The distinct biology of IMA is schematically summarized in Fig. 5. Initially, IMAs with the most aggressive biology present as unresectable disease or recur shortly after surgical resection via both systematic (hematogenous or lymphatic) and aerogenous spread. Among these patients, those exhibiting early single pulmonary recurrence could be seen as the “tip of the iceberg.” For these patients, short-term CT follow-up periods could show the broader scope of the disease, much like detection of an iceberg's submerged portion, and help to avoid unneeded local treatments. However, IMAs with moderately aggressive biology may present with SPR (or rarely, MPR) after initial surgical resection, with an intermediate DFI (suggested as 3 years in this report). Among these tumors, a subset may be controlled by LT. Finally, for the least aggressive tumors, SPR may appear with a long latency and can be treated by LT.11 We speculate that the latter two scenarios may represent “genomically metastatic but surgically curable disease” as referenced by Goto.21 However, this condition in IMAs may better be described as pulmonary “implantation” of IMA because they may differ from the oligometastatic state.11 Because effective systemic regimens for IMAs are lacking,7 we surmise that timely performance of LT for recurrent disease can contribute to better disease control and prolonged OS in a subset of recurrent IMAs.

Fig. 5
figure 5

Schematic description of the disease progression patterns of invasive mucinous adenocarcinoma (IMA) patients

Full size image

This study had several limitations. First, the study was a single-institution, retrospective study with potential bias. Due to the limited number of cases with recurrence, our findings need further validation based on a large multicenter cohort.

Second, during the study period of 20 years, advancements in pre- and postoperative management occurred. These advancements could potentially have influenced patients’ recurrence and survival outcomes. However, we were unable to include these temporal factors in the analysis.

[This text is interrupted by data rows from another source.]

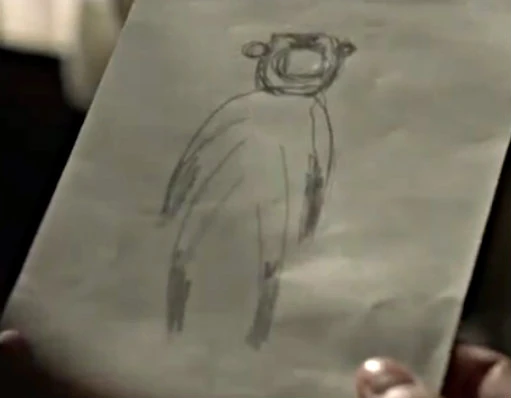 Later, as some Native Americans are marched through town, a child drops its toy… and the toy is of a man wearing one of the hazmat suits. A soldier tells her the figure is part of the "indigenous people’s religion". Later, when Hector Escaton enters the saloon, Maeve puts a gun to his head and promises him whatever is in the safe, if he can tell her more about her sketches. He confirms that it’s a “shade,” a character from sacred native lore that they make figures of. When Maeve asks what the "shade" does, Hector states “a man who walks between worlds. They were sent from hell to oversee our world.”[2]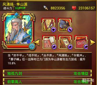 蔡子峰和岳肃是这个阵容的其他两张必备六星卡,不是因为他们是华山少数的六星卡,二十因为他们分别有剑宗宗师(每个侠客加31.8%攻击力)和气宗宗师(每个侠客加43.8%防御力),这么牛的团队光环是非常难得的。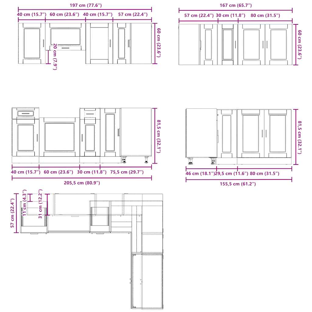- 1 x kitchen corner base cabinet: 75.5 x 75.5 x 81.5 cm (W x D x H)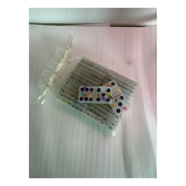 A fun set of Dominoes in a fun purple and white with wee fruit slices. Comes in a sheer gift bag, ready to brighten any game.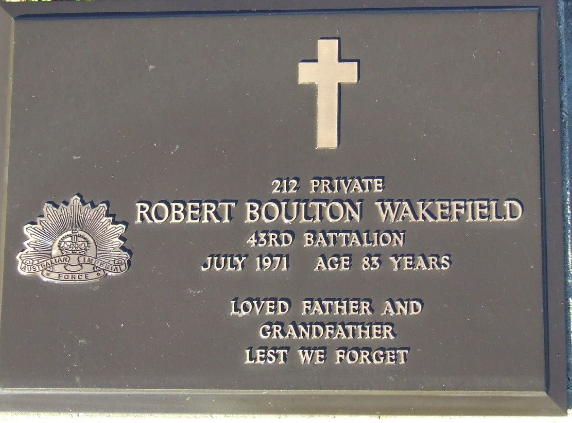 Help us honour Robert Boulton Wakefield's service by contributing information, stories, and images so that they can be preserved for future generations.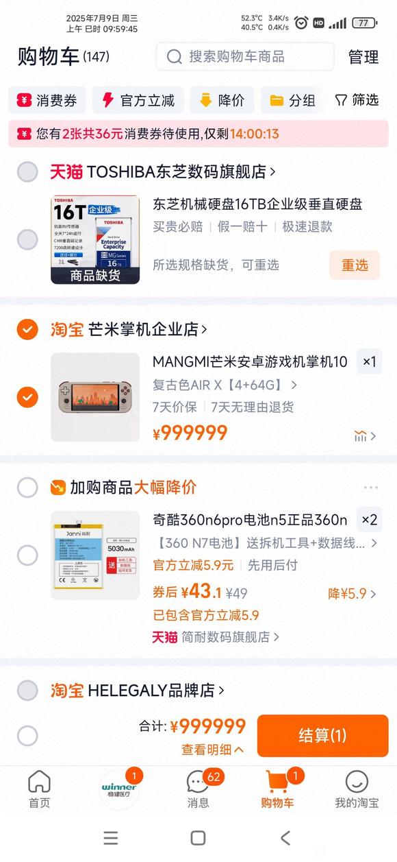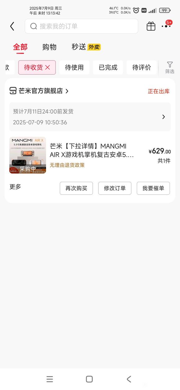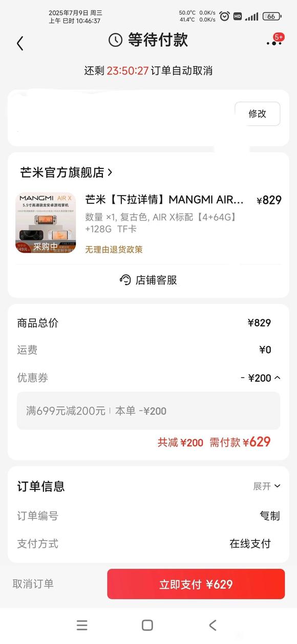 2025年7月9日9点55开始打开京东和淘宝,08分京东点击购买,自动领券支付中,始终支付页面没跳出来。又转到淘宝,一看全没货,又回到京东也是没货。过了一会儿看了有二轮预购,准备下单竟然所在区域没货,有区域限制那我结束购买。后来同事发消息说淘宝带卡的有货,我去看了,单独的机器都卖光了带128g和256g还有买,我想选复古色+128g也是没了。又回京东,发现可以买了直接下单。第一轮秒没128g和256g也是一个都没看到,第二轮还有限制后来又放开限制被商家耍的团团转,可怜的韭菜!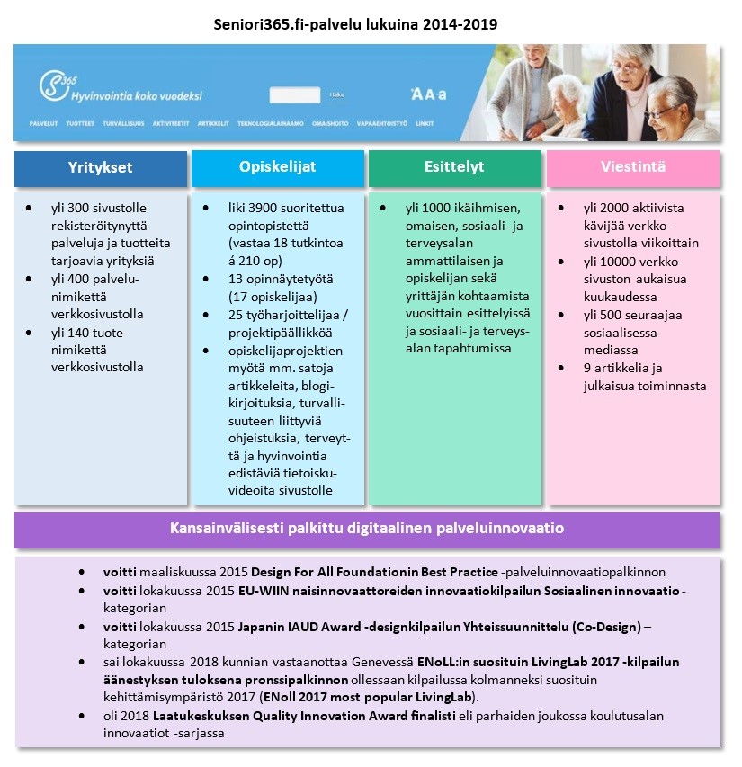 Seniori365.fi-palvelu avattiin vuonna 2014 osana InnoEspoo-hanketta, minkä jälkeen se toimi Laurean opiskelijoiden monialaisena digitaalisena oppimis- ja kehittämisympäristönä. Seniori365.fi-palvelun tavoitteena on ollut tukea ikääntyneen turvallista kotona selviytymistä, tuoda palveluja ja ratkaisuja terveyden ja hyvinvoinnin edistämiseen sekä aktiivisen elämisen tukemiseen.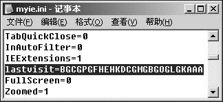 用记事本依次打开myie2config下最新保存的“.ini”文件,结果在“myie.ini”文件中的[UndoUrl]字段找到了恶意网站的链接地址,不过通过实验证明[UndoUrl]字段保存的仅是MyIE菜单“编辑→撤消关闭窗口”下的内容,与启动无关。继续查找,最后确定相关网址保存在“myie.ini”文件“lastvisit=”字段中,不过由于MyIE对其中的内容进行了加密处理,所以普通用户根本无法进行编辑,如图2所示。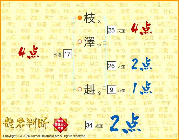 枝澤赳さんの総運は34画の2点!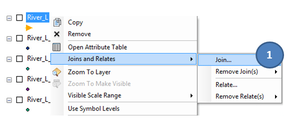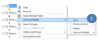 - Right click layer sungai dalam TOC ArcMap dan pilih Join and Relates > Join…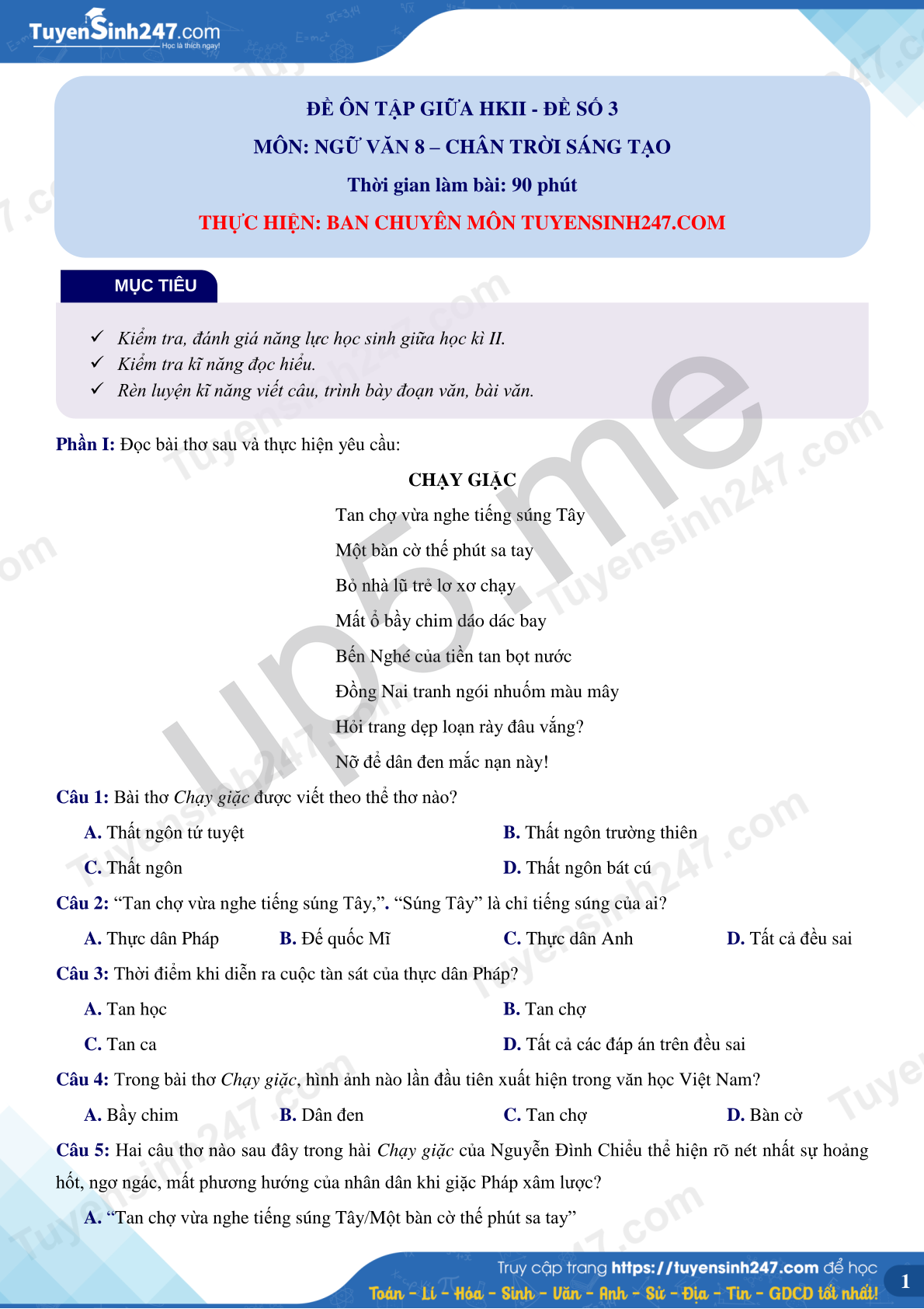 Câu 1: Bài thơ Chạy giặc được viết theo thể thơ nào?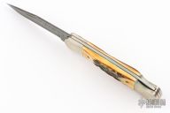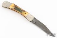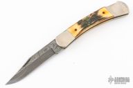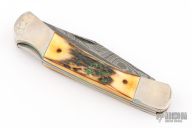 This lockback from Parker-Edwards features a rough finish Damascus clip point blade with nail nick. The handle is comprised of nickel silver caps and bolsters with stag covers over brass liners and steel spring. Has scuffs, scratches, and patina. Good condition for its age.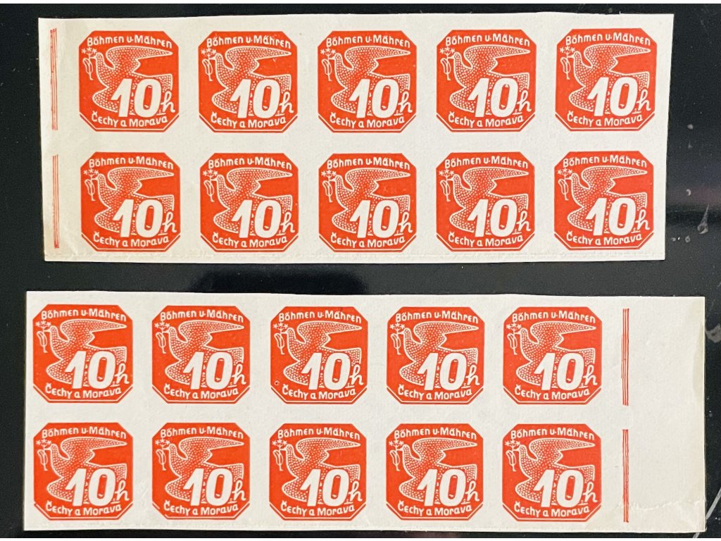 Poštovní známky Protektorát Čechy a Morava - zn. novinová NV5 červená 10h vydání I. L a P 10blok s okr. ** čisté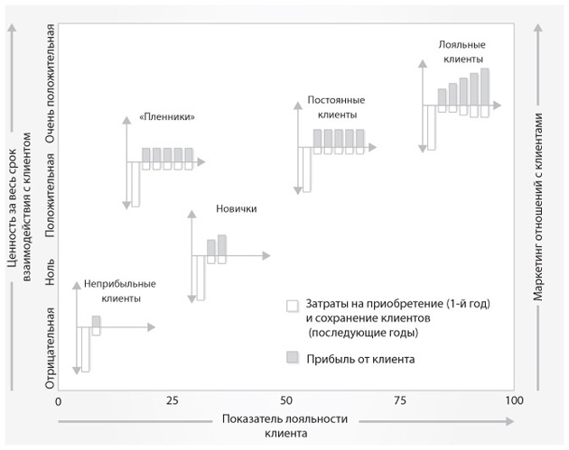 У большинства компаний есть клиенты с разными уровнями лояльности и прибыльности. Лояльные имеют более долгую историю взаимоотношений с компанией, более привержены бренду, больше покупают и чаще рекомендуют. Долгая история есть и у постоянных клиентов, но они менее привержены бренду, меньше покупают и реже готовы рекомендовать бренд другим.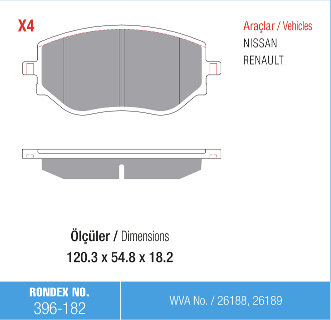 Rondex 396-182 Renault Clio 4 ÖN Fren Balatası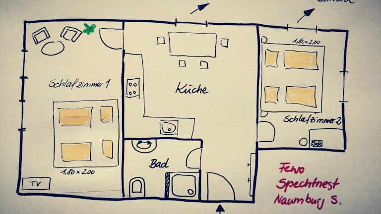 Das Spechtnest in Naumburg ist ein charmantes Apartment, das in einem historischen Gebäude aus dem 18. Jahrhundert untergebracht ist. Hier können Sie in gemütlichen Unterkünften mit Blick auf den Garten entspannen und die Annehmlichkeiten wie kostenloses WLAN und kostenfreie Privatparkplätze genießen. Das Apartment bietet Platz für bis zu 4 Personen und verfügt über eine Terrasse mit Blick auf die Stadt. Die Lage des Apartments ist ideal, da es nur wenige Kilometer von beliebten Sehenswürdigkeiten wie dem Zeiss Planetarium und der Universität Jena entfernt liegt.

Third, comprehensive genomic profiling data (i.e., next-generation sequencing), which may aid in differentiating recurrences from second primary tumors, are lacking.11,22 Although most of the previously reported metachronous IMAs were clonal,11,23 the possibility of having separate primary IMAs, although low, cannot be completely ruled out. This potential confounder could have influenced our study's outcomes. For future studies, incorporating comprehensive genomic profiling data will be essential.

In summary, our study emphasizes that IMAs show distinct patterns of intrapulmonary progression. Patients with SPR who have a longer DFI and less aggressive histology could potentially benefit from LT. Further studies involving multiple institutions are warranted to confirm our findings.